Instead of trying to make everyone the same, I would rather that humanity learned how to appreciate inequalities and make the best of the cards we've been dealt.

As for the dating stuff...a basic level of physical attractiveness is required to turn someone else on sexually. However, the reason most people fail to connect and find a mate is not that they are physically unattractive, but because they don't communicate their intentions and feelings clearly and consistently. It is important to help that special someone feel excited, aroused and emotionally connected to you. Do not sit back, wait and expect them to do all of the work - because they won't. Be warm, encouraging, give them compliments, laugh, take a risk and don't get triggered/offended by every little thing under the sun.

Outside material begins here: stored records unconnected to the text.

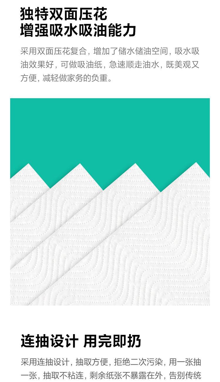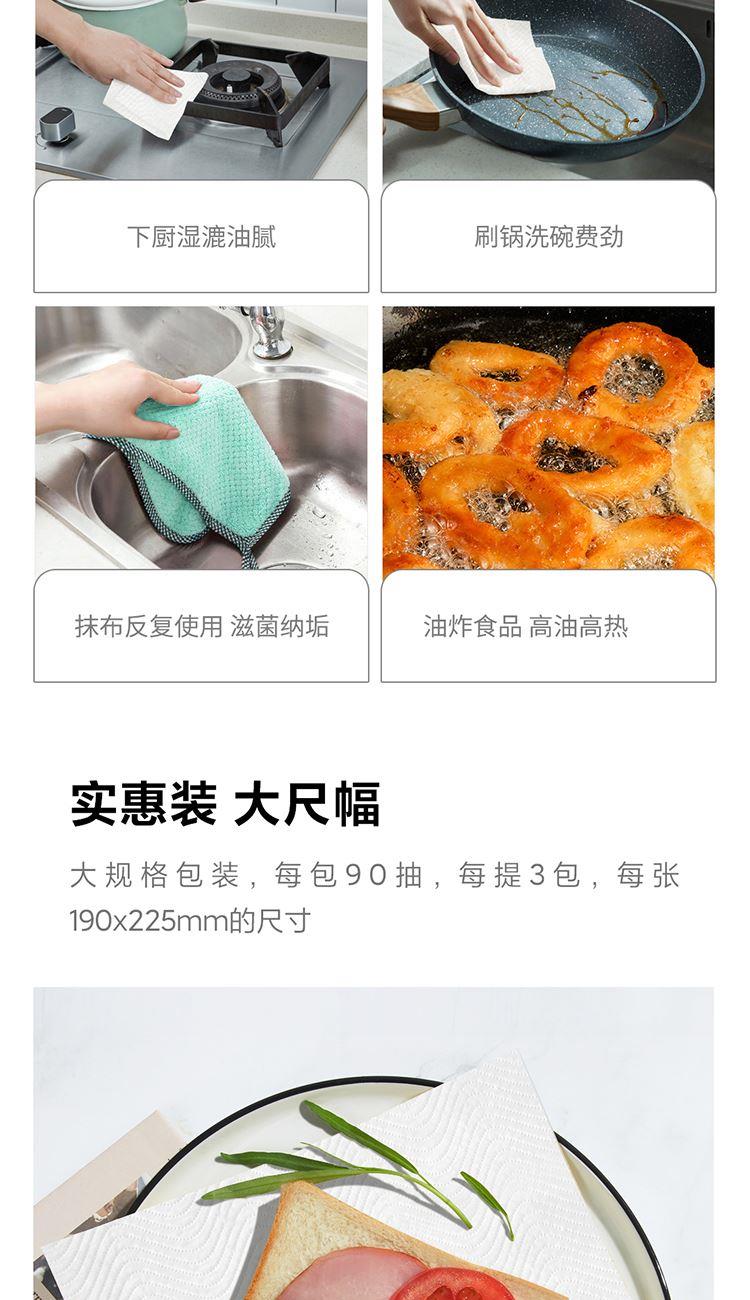 产品货号:223595 纸面规格:190*225mm(2层) 产品规格:90抽/包,3包/提 主要原料:原生竹浆 保 质 期:3年 产品卖点: 1.优选原生竹浆 健康环保 2.一包90抽,超值实惠装 3.吸水,吸油,干湿两用 4.连抽设计,用完即扔,拒绝二次污染
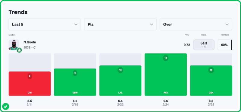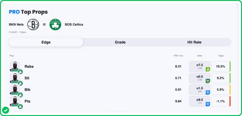 Action PRO is projecting 8.31 rebounds for Neemias Queta in the Celtics' matchup against the Nets tonight, presenting a 10.2% edge against his current rebounds prop line of over/under 7.5, which is good enough to tag the Over with a B-grade in our database.
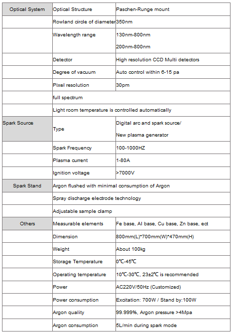 - Wavelength coverage 130nm-800nm, permitting simultaneous analysis for up to 31 elements.
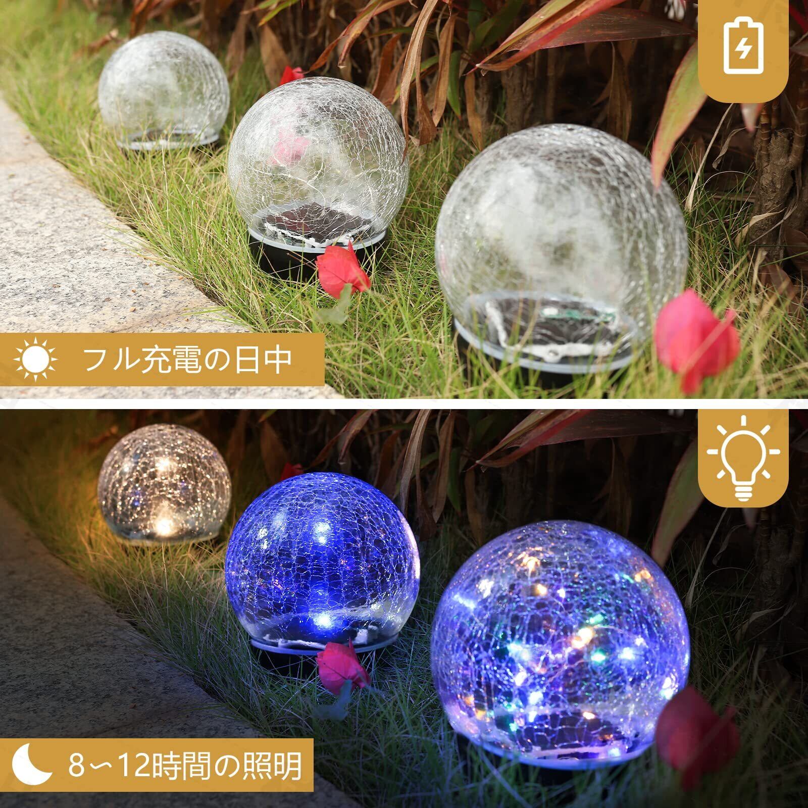 【一年間保証】ガーデンを美しく装飾するガラスボールライト、ポッと置くだけで手間いらず。お庭/パーティー会場などのイルミネーションのようなガーデンライトとして最適.

Perhaps something positive that we could do is practice aspects of this stuff here on the forum - such as how to flirt and ask someone out, how to escalate, as well as nonverbal communication skills, and give each other some feedback about what we liked. I am hardly an expert so would benefit from this as much as any of you.


----------



## Joe Black (Apr 1, 2015)

"If everyone was conventionally attractive.... AND rich...." it would be like Hollywood...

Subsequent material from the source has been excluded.